Can It

27 November 2006



Spam Composes 90% of All E-mail

E-mail used to be a very effective way of passing along small bits of information. For people in different time zones, this meant one could stay in touch without having to time a phone call. Now, though, the inbox is more likely filled with garbage from people one doesn’t know. According to one study, spam now makes up 90% of all e-mail.

A Reuters report says that US email security company Postini “has detected 7 billion spam e-mails worldwide in November compared to 2.5 billion in June.” The same report says “Spam in Britain has risen by 50 percent in the last two months alone, according to Internet security company SurfControl.” Spamhaus, a body that keeps tabs on this kind of thing, says that 80% of the spam out there originates from 200 illegal gangs.

Once upon a time, it might have been cute to hijack someone else’s network and send out e-mails to prove that one could do it (which meant that the operating system and network software needed fixing). However, it is now about profit. The very same Reuters report says that spam costs $1,000 per employee per year in lost productivity and higher computing bills. While that is a pretty mushy figure, presuming its order of magnitude is close to correct, spam costs the global economy a great deal.

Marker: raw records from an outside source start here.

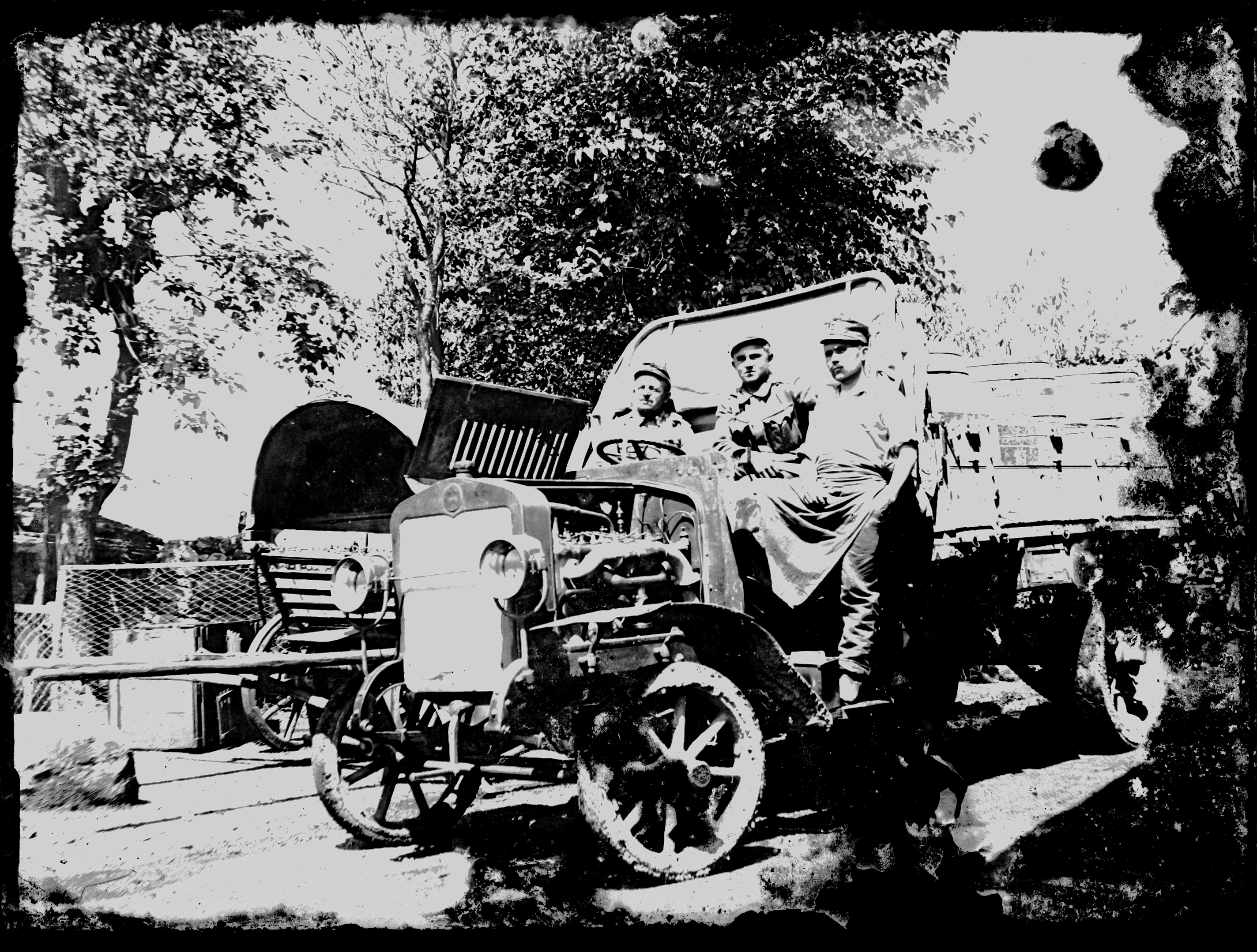 Teherautó és kiszolgáló személyzete.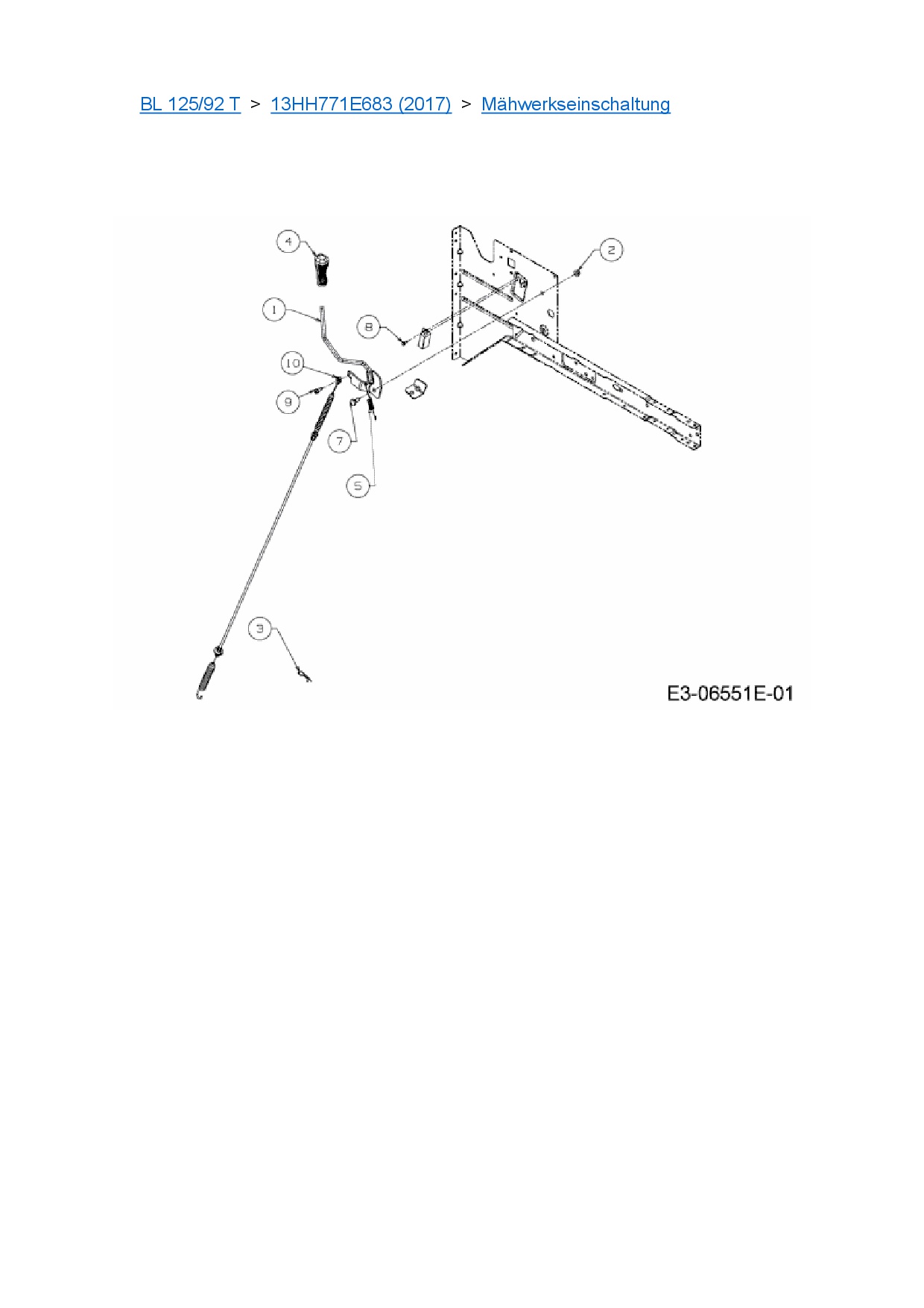 Ersatzteile für Rasentraktor Black-Line BL 125/92 T aus der Zeichnung Mähwerkseinschaltung: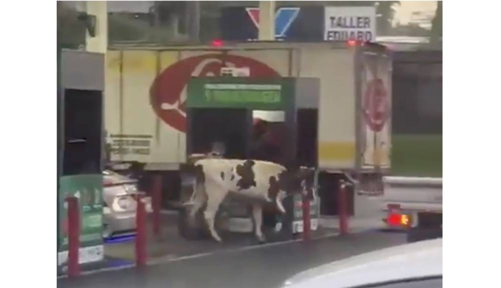 Sin embargo, durante la mañana se captó al bovino rondando en una gasolinera, mientras es perseguida por un agente del Viceministerio de Transporte (VMT).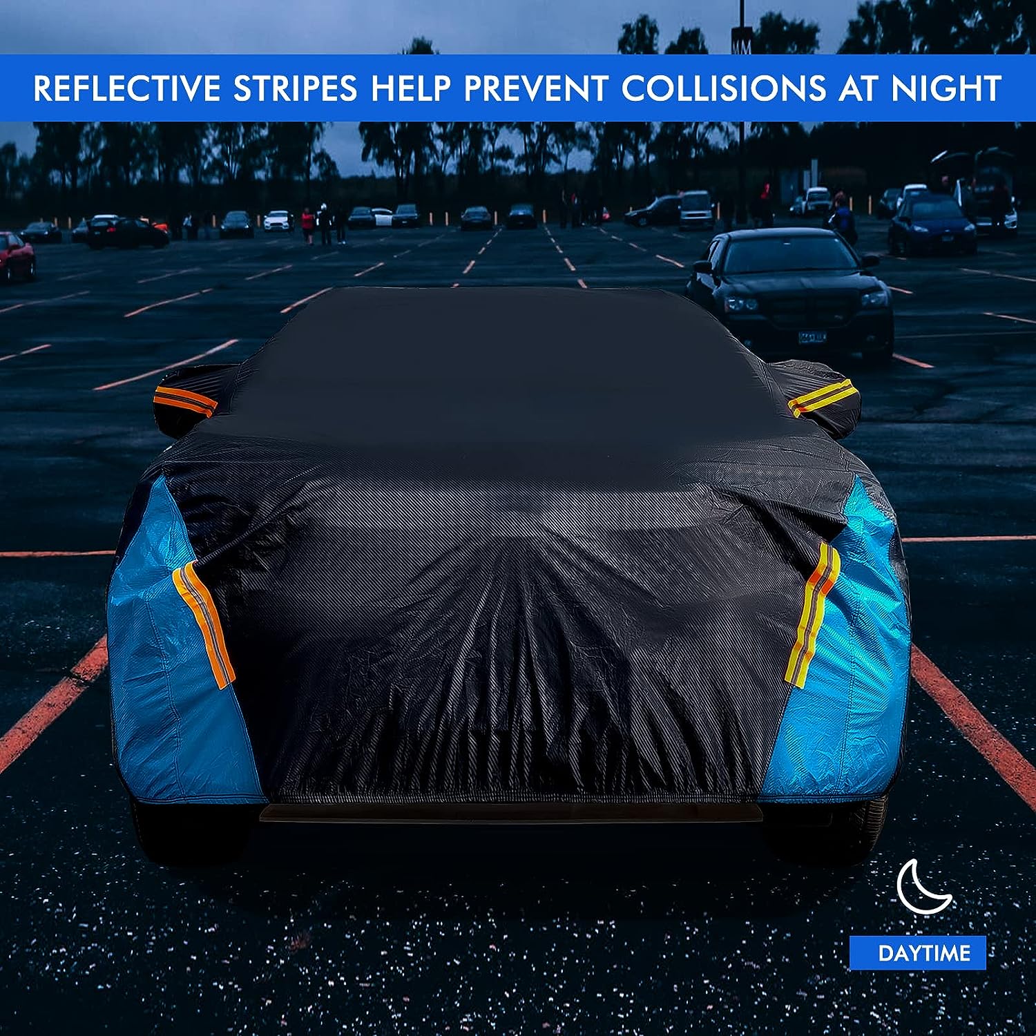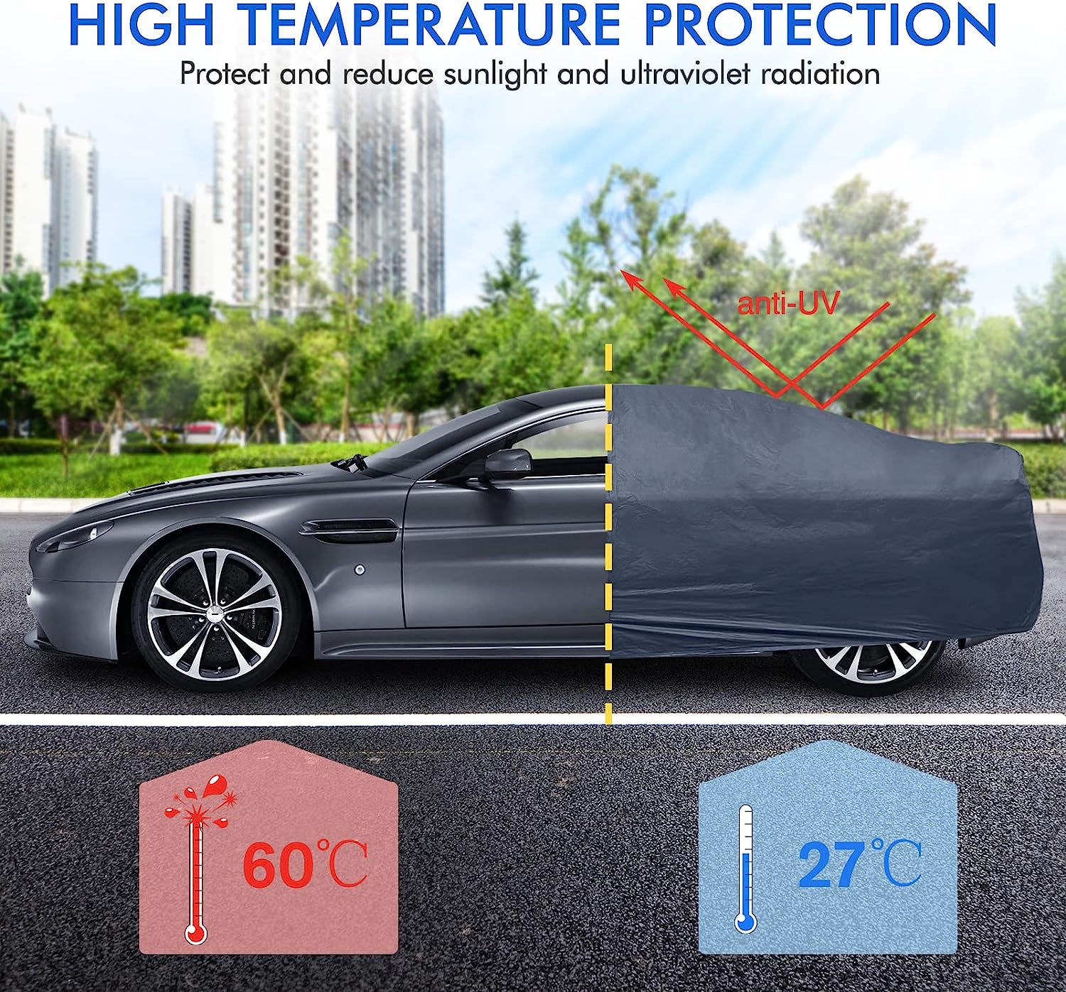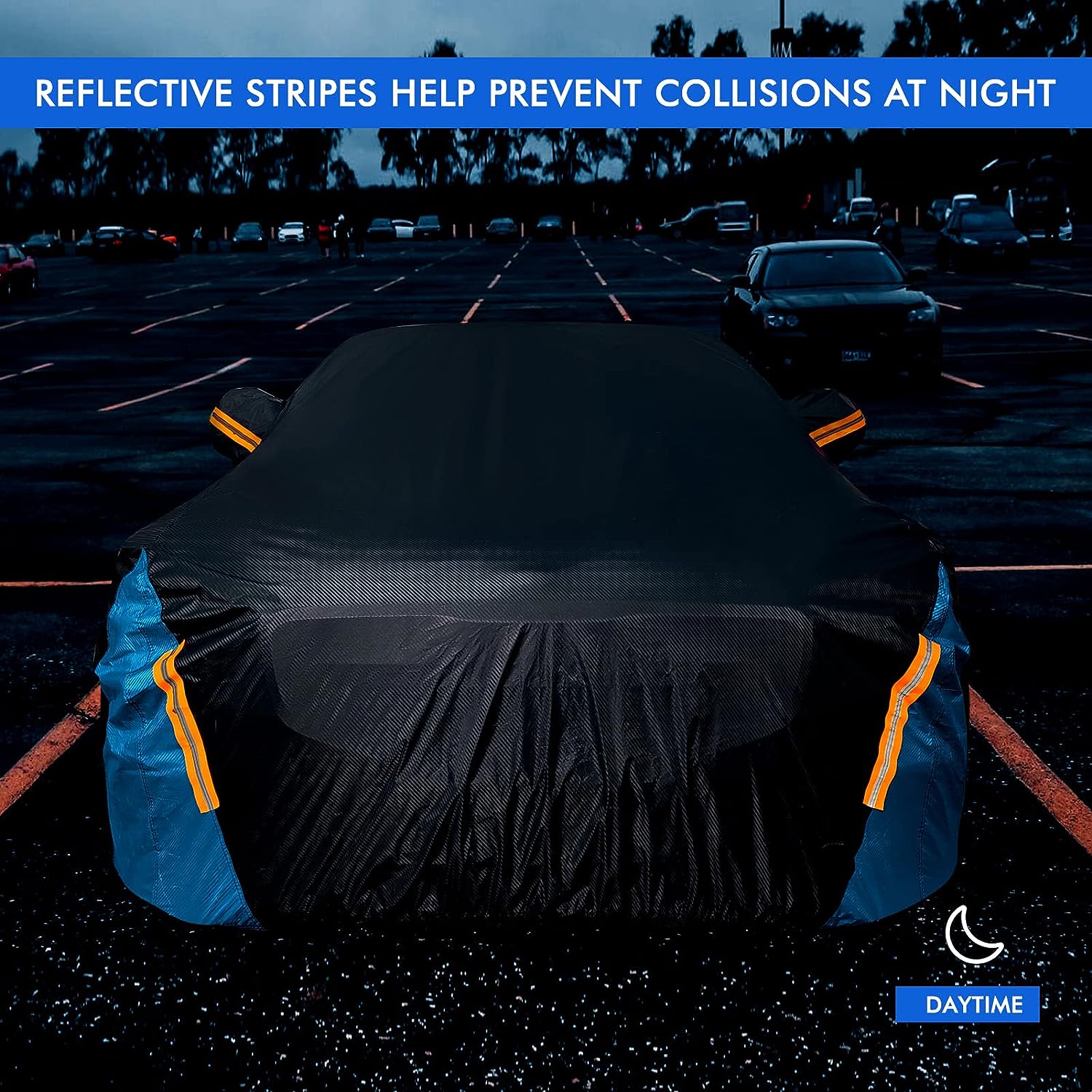 • 🚗 【All-weather Protection】 The car cover can prevent wind, dust, sunlight, rain, snow, and hail. Whether in midsummer or winter; Whether in hot summer or rainy and snowy weather, the all-weather waterproof car cover can protect your car all year round. With wind rope, the car cover can completely cover and stick to the car body to avoid being easily blown away by the wind; The reflective strip is designed for night remind to prevent a collision

Those who think this is a problem for computer departments miss the point. Buying Viagra, herbal medicines and sexual performance enhancers on line is the problem. Quite simply, spam is profitable for the people sending it. Take the profit motive away, and there is every likelihood that spam will cease to be a problem.

This points up the great failing of economics as it is applied in the real world. It is seen as a thing in itself rather than as a quantified system of studying human wants and their fulfillment. When someone makes a trade with someone else, the basis of the exchange is not numerical but emotional and often irrational. Why is one product more expensive than another? Quite simply because people want it more and are willing to pay more for it. Supply and demand curves and all the rest just put numbers to this.